TASK GOAL. Starting at the line that contains "섭취방법은 1일 2회, 1회 1꾸미(젤리)를 씹어서 먹으라고 되어 있네요.", output each line exactly as written through the end of the listing below, but leave out the pictures.
*** DATA SHOWN
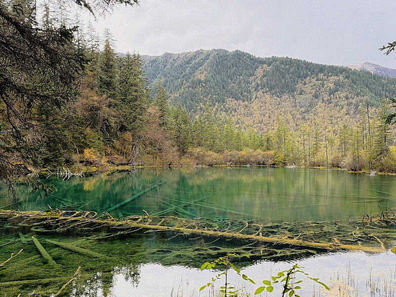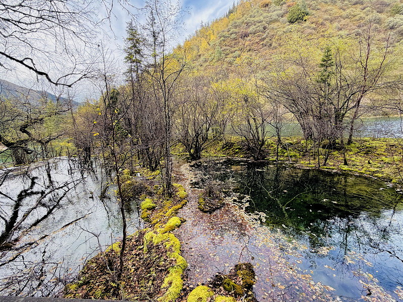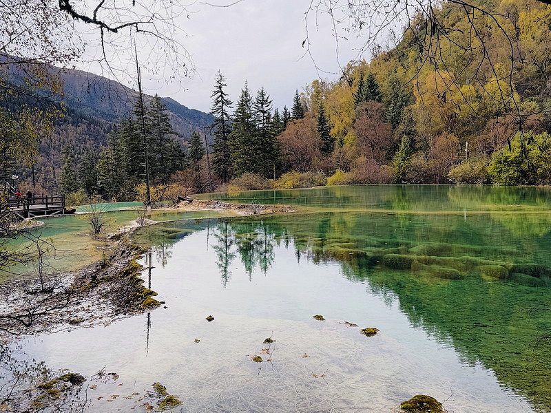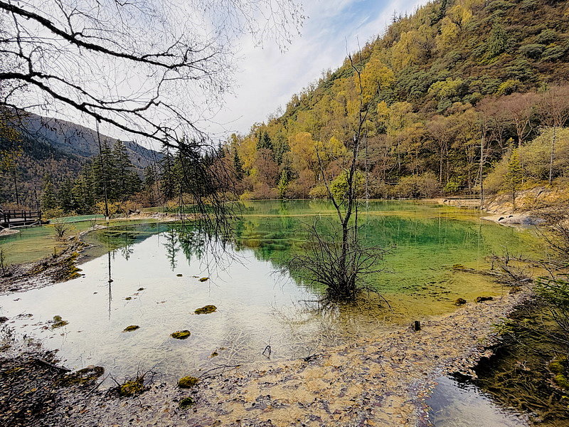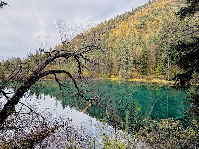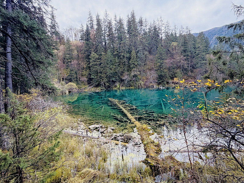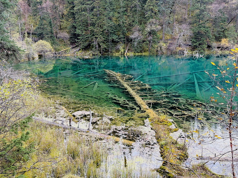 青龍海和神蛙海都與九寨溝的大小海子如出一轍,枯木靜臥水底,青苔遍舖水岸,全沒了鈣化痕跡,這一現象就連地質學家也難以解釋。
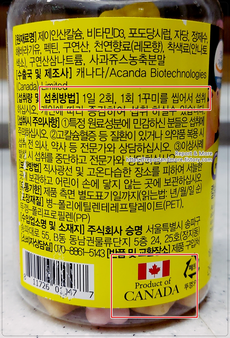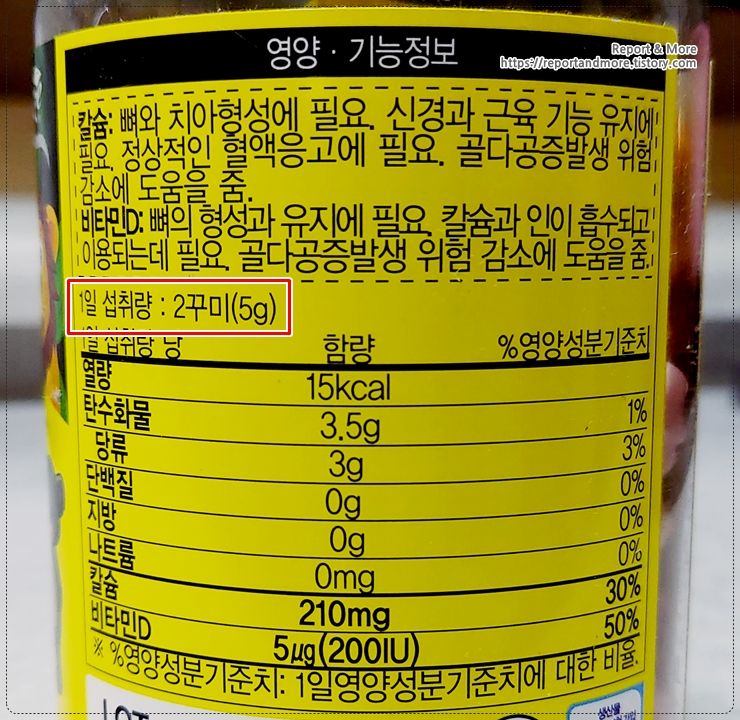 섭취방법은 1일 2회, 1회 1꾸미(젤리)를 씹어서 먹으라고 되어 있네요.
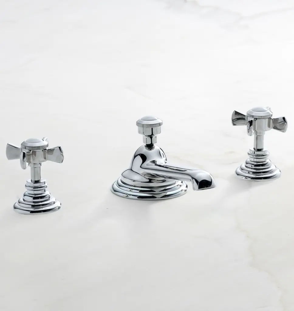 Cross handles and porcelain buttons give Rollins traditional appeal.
******
EXERCISE SOLUTION.
 섭취방법은 1일 2회, 1회 1꾸미(젤리)를 씹어서 먹으라고 되어 있네요.
 Cross handles and porcelain buttons give Rollins traditional appeal.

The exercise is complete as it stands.